» **THE INPUT**
++++++++++++++++++++

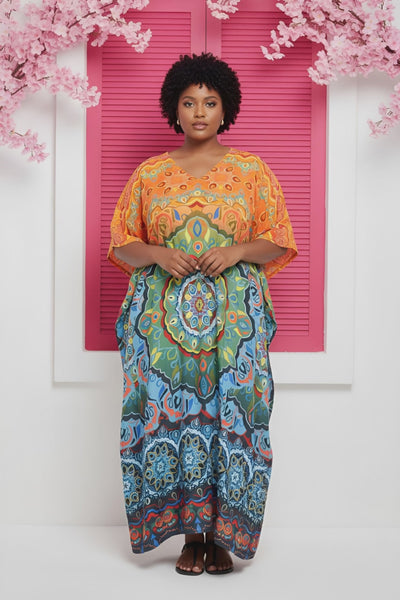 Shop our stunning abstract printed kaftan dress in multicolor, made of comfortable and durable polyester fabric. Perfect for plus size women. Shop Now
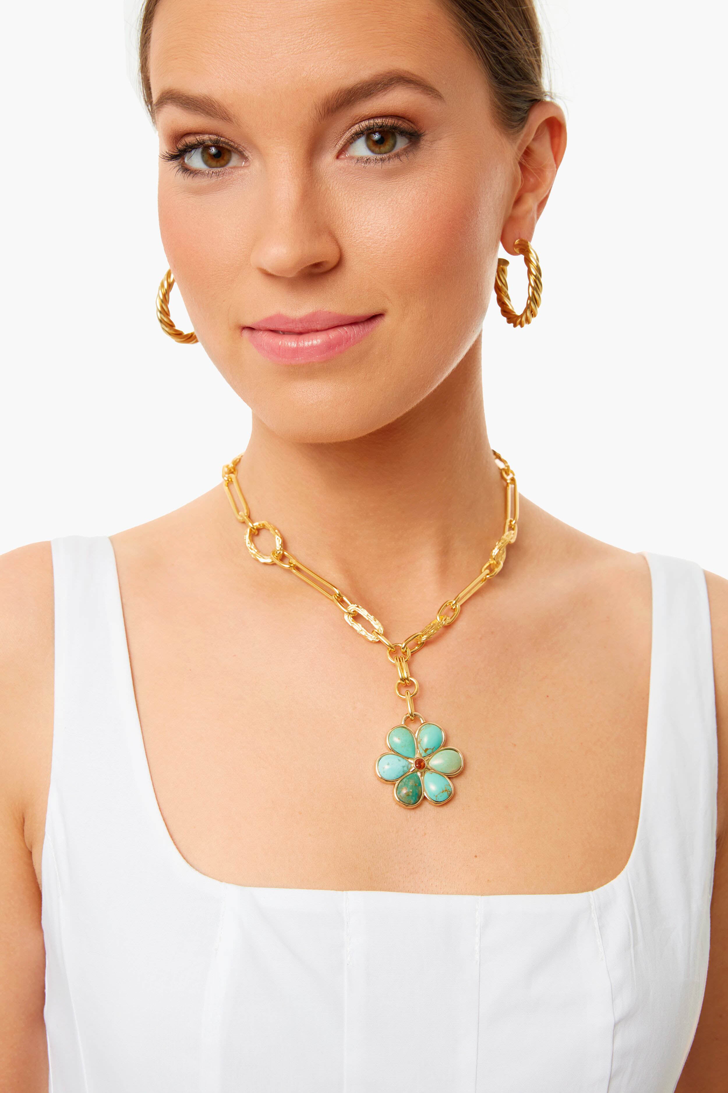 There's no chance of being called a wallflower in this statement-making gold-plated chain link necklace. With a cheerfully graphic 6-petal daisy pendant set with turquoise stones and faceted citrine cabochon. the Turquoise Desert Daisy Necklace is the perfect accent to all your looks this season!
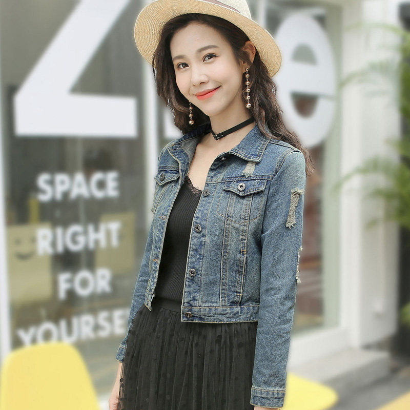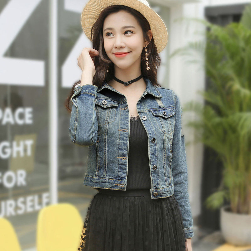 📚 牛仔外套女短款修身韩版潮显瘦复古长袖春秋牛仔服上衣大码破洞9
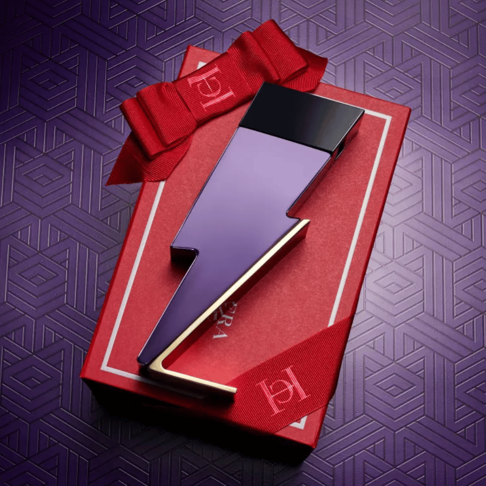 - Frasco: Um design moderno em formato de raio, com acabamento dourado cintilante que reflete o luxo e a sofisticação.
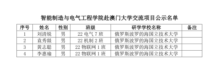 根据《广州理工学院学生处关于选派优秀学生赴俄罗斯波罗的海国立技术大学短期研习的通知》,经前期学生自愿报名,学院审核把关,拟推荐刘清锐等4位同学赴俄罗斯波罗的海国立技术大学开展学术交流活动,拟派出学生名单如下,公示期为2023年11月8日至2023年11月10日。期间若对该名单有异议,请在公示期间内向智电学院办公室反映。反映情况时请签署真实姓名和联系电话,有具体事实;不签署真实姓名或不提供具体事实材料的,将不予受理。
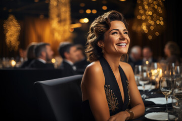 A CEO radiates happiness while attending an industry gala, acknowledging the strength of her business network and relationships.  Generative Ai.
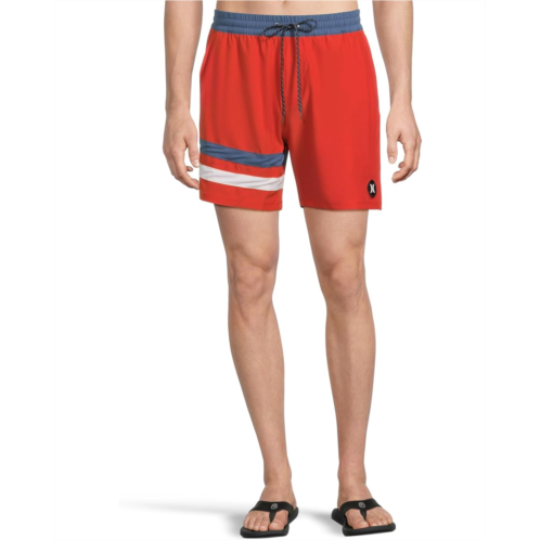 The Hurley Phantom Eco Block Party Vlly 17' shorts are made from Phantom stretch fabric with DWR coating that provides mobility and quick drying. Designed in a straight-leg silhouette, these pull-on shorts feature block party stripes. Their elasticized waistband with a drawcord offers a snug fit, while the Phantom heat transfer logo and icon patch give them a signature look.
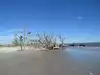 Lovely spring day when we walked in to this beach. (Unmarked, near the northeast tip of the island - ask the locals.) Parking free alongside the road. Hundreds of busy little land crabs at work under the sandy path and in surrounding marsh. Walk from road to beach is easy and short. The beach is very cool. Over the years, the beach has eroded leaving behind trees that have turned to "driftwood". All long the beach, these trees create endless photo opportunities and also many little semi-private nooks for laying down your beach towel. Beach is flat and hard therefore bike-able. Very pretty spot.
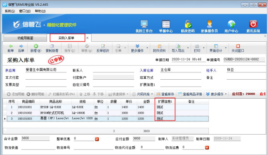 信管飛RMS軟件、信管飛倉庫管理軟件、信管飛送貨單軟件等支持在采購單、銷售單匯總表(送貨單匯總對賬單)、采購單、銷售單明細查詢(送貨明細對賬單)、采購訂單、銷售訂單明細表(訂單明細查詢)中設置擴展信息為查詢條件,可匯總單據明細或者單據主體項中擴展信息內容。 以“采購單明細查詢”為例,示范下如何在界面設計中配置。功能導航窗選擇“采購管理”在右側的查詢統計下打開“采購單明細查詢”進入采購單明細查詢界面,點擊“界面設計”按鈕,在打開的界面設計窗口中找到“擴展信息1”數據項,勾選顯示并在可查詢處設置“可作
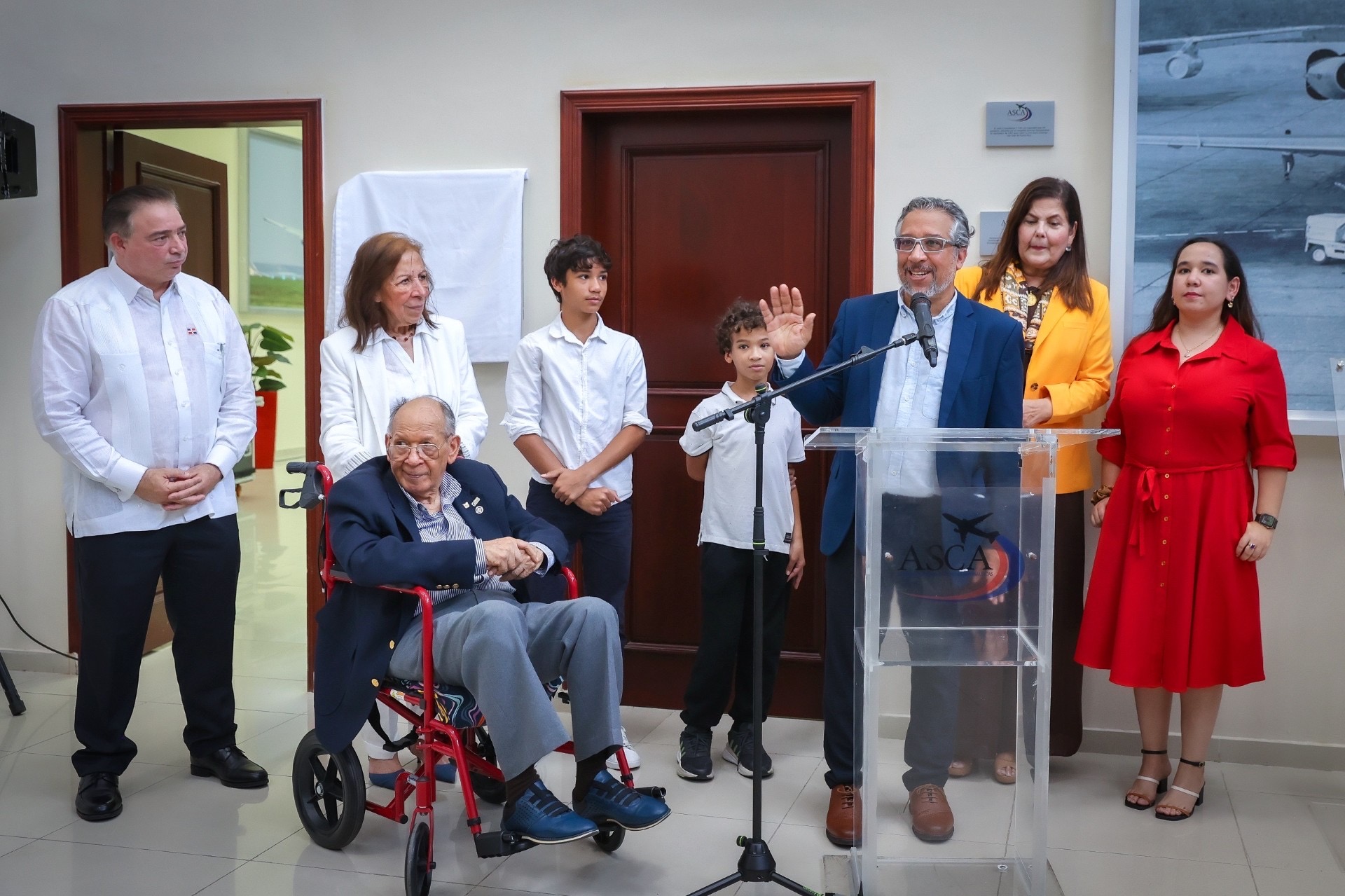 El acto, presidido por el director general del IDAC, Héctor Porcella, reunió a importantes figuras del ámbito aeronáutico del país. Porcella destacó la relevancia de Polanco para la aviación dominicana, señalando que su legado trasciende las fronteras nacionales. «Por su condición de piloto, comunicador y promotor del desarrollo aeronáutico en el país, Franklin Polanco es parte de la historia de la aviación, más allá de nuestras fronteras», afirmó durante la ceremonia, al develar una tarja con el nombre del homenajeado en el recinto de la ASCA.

++++++++++++++++++++

Print every line of the data exactly. Pictures do not belong in the copy.

» **EXERCISE RESULT**
 Shop our stunning abstract printed kaftan dress in multicolor, made of comfortable and durable polyester fabric. Perfect for plus size women. Shop Now
 There's no chance of being called a wallflower in this statement-making gold-plated chain link necklace. With a cheerfully graphic 6-petal daisy pendant set with turquoise stones and faceted citrine cabochon. the Turquoise Desert Daisy Necklace is the perfect accent to all your looks this season!
 📚 牛仔外套女短款修身韩版潮显瘦复古长袖春秋牛仔服上衣大码破洞9
 - Frasco: Um design moderno em formato de raio, com acabamento dourado cintilante que reflete o luxo e a sofisticação.
 根据《广州理工学院学生处关于选派优秀学生赴俄罗斯波罗的海国立技术大学短期研习的通知》,经前期学生自愿报名,学院审核把关,拟推荐刘清锐等4位同学赴俄罗斯波罗的海国立技术大学开展学术交流活动,拟派出学生名单如下,公示期为2023年11月8日至2023年11月10日。期间若对该名单有异议,请在公示期间内向智电学院办公室反映。反映情况时请签署真实姓名和联系电话,有具体事实;不签署真实姓名或不提供具体事实材料的,将不予受理。
 A CEO radiates happiness while attending an industry gala, acknowledging the strength of her business network and relationships.  Generative Ai.
 The Hurley Phantom Eco Block Party Vlly 17' shorts are made from Phantom stretch fabric with DWR coating that provides mobility and quick drying. Designed in a straight-leg silhouette, these pull-on shorts feature block party stripes. Their elasticized waistband with a drawcord offers a snug fit, while the Phantom heat transfer logo and icon patch give them a signature look.
 Lovely spring day when we walked in to this beach. (Unmarked, near the northeast tip of the island - ask the locals.) Parking free alongside the road. Hundreds of busy little land crabs at work under the sandy path and in surrounding marsh. Walk from road to beach is easy and short. The beach is very cool. Over the years, the beach has eroded leaving behind trees that have turned to "driftwood". All long the beach, these trees create endless photo opportunities and also many little semi-private nooks for laying down your beach towel. Beach is flat and hard therefore bike-able. Very pretty spot.
 信管飛RMS軟件、信管飛倉庫管理軟件、信管飛送貨單軟件等支持在采購單、銷售單匯總表(送貨單匯總對賬單)、采購單、銷售單明細查詢(送貨明細對賬單)、采購訂單、銷售訂單明細表(訂單明細查詢)中設置擴展信息為查詢條件,可匯總單據明細或者單據主體項中擴展信息內容。 以“采購單明細查詢”為例,示范下如何在界面設計中配置。功能導航窗選擇“采購管理”在右側的查詢統計下打開“采購單明細查詢”進入采購單明細查詢界面,點擊“界面設計”按鈕,在打開的界面設計窗口中找到“擴展信息1”數據項,勾選顯示并在可查詢處設置“可作
 El acto, presidido por el director general del IDAC, Héctor Porcella, reunió a importantes figuras del ámbito aeronáutico del país. Porcella destacó la relevancia de Polanco para la aviación dominicana, señalando que su legado trasciende las fronteras nacionales. «Por su condición de piloto, comunicador y promotor del desarrollo aeronáutico en el país, Franklin Polanco es parte de la historia de la aviación, más allá de nuestras fronteras», afirmó durante la ceremonia, al develar una tarja con el nombre del homenajeado en el recinto de la ASCA.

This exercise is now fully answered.